Applying Bayes’ theorem updates prior distributions in response to observations of feedback factors to produce posterior distributions for all parameters. Table 1 describes the six sets of priors used for the standard deviations of within-study observations (ϕjk), the between-study standard deviations (σjk), the estimated feedback factors ( fk), the unknown feedback factor ( fK), and the biases shared between a group’s studies (θjk). Each prior distribution is independent of all others. Figure 3 plots each type of prior distribution used. Care must be taken in prior selection (e.g., Frame et al. 2005), as flat (uniform) priors on one type of parameter can contribute more information to another parameter than intended (Van Dongen 2006). Except where varied to assess sensitivity, we use weakly informative priors that concentrate prior probability mass in the range of the a priori most plausible values (i.e., values closer to 0) while still placing significant probability on more extreme values. These weakly informative priors aim to let even sparse data dominate the posterior distributions without ruling out extreme values. The use of weakly informative priors can be important because with small numbers of groups and, possibly, of observations within a group, less informative priors may not be dominated by the data and may produce results that are highly sensitive to the form of the prior (Kass and Wasserman 1996; Lambert et al. 2005).4,5 The specific numerical values for the priors are meant to give reasonable-looking distributions, and the six sets of priors will help assess the sensitivity of the posterior distributions to the form of the prior.

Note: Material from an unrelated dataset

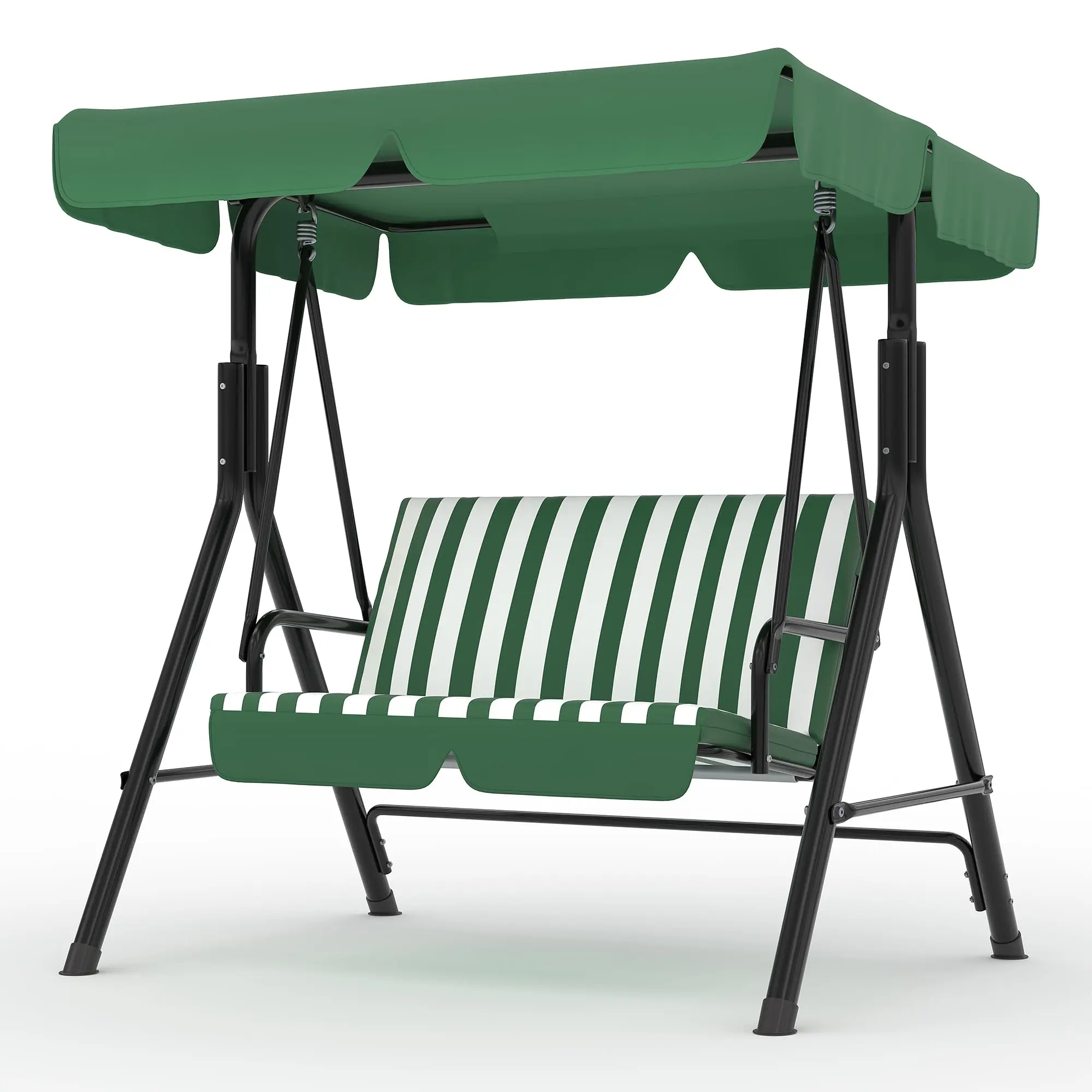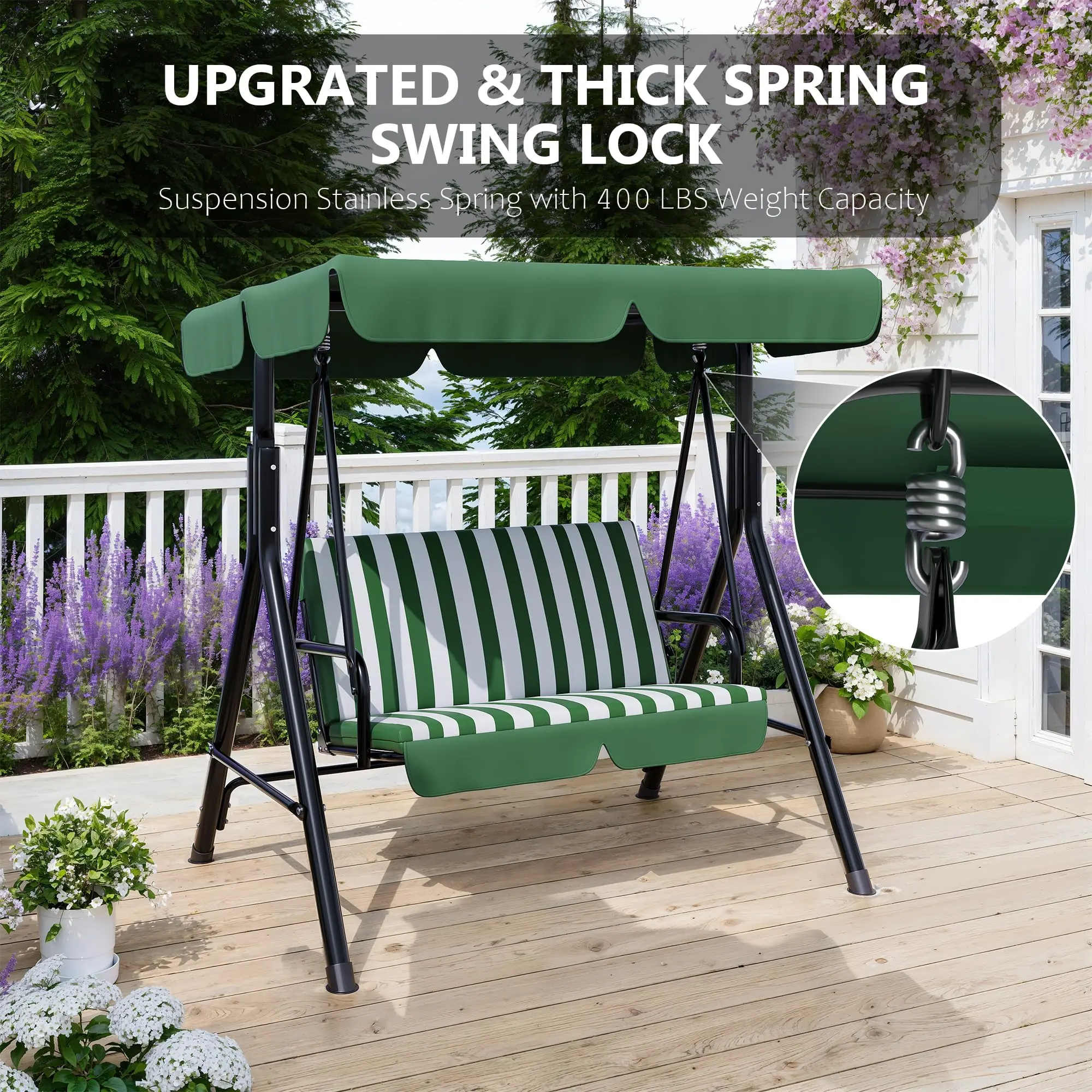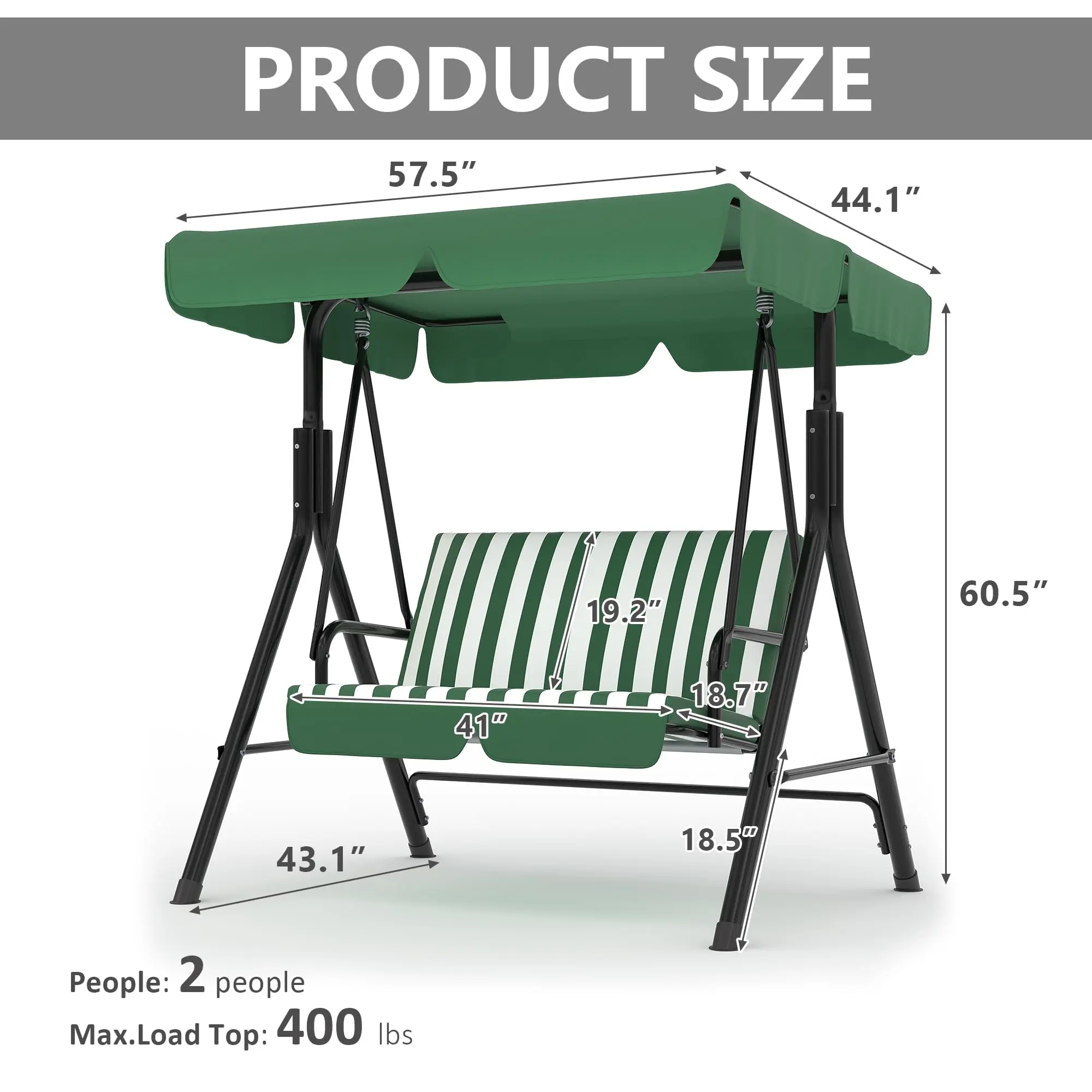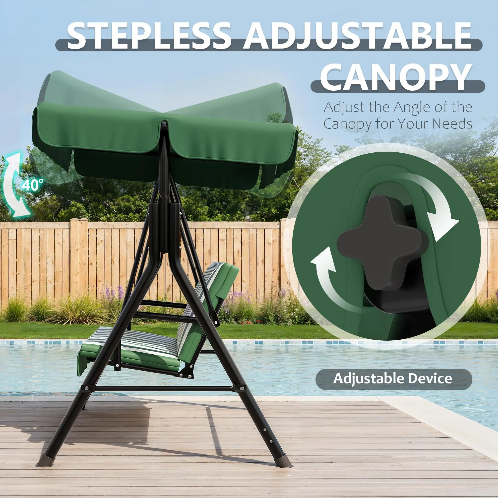 2‑Person Outdoor Porch Swing with Adjustable Canopy – Heavy Duty Metal Frame, 600 lb Capacity, Patio Swing Chair with Stand for Garden, Backyard & Poolside

Annan and Hargreaves (2009) argued that previous analyses’ use of a uniform prior for climate sensitivity made their results sensitive to the prior’s upper bound and generally led to overly pessimistic conclusions about the possibility of extreme temperature change. The prior distributions on fk and fK imply prior distributions for climate sensitivity that are far from uniform and that concentrate prior probability in the Intergovernmental Panel on Climate Change (IPCC)’s likely range; yet we will see that these prior distributions nonetheless can generate posterior distributions with significant probability of extreme temperature change.6

The two most significant omissions in the proposed statistical model are constraints on the total system response and the possibility of abrupt changes and threshold effects. First, observations of, for instance, temperature change and ocean heat capacity may be able to constrain F directly even though these do not provide information about any particular feedback process. These observations may therefore be able to constrain the positive tail of the distribution for ΔT, but they will likely have their own structural biases and are unlikely to account for the operation of slower feedbacks (Urban and Keller 2009). Second, concern about climate change may be driven not just by concern about its ultimate magnitude but also by concern about its possibly being both abrupt and irreversible (Keller et al. 2008; Lenton et al. 2008; Solomon et al. 2009). Both abruptness and irreversibility should be included in a complete risk assessment and should inform near-term abatement decisions.

The posterior distributions were sampled using Markov chain Monte Carlo methods as implemented in WinBUGS version 1.4.3 (Lunn et al. 2000; Gamerman and Lopes 2006). Each posterior distribution generated one million samples after a burn-in period of one million samples. The sample size was large enough for multiple chains to converge on the posterior distributions.

5. Data: Models’ estimates of feedbacks

This paper considers four climate change feedbacks for which model estimates are available: albedo, clouds, water vapor lapse rate, and carbon cycle. It also considers the sum of all other feedbacks, including unmodeled and unknown feedbacks. The water vapor and lapse-rate feedbacks can be treated as a combined water vapor–lapse rate feedback because of their strong negative correlation noted by, among others, Bony et al. (2006), Soden and Held (2006), and Soden et al. (2008). All calculations in this paper use λ0 = 0.315 K (W m−2)−1 because Soden et al. (2008) found that λ0 ranges roughly from 0.31 to 0.32 K (W m−2)−1.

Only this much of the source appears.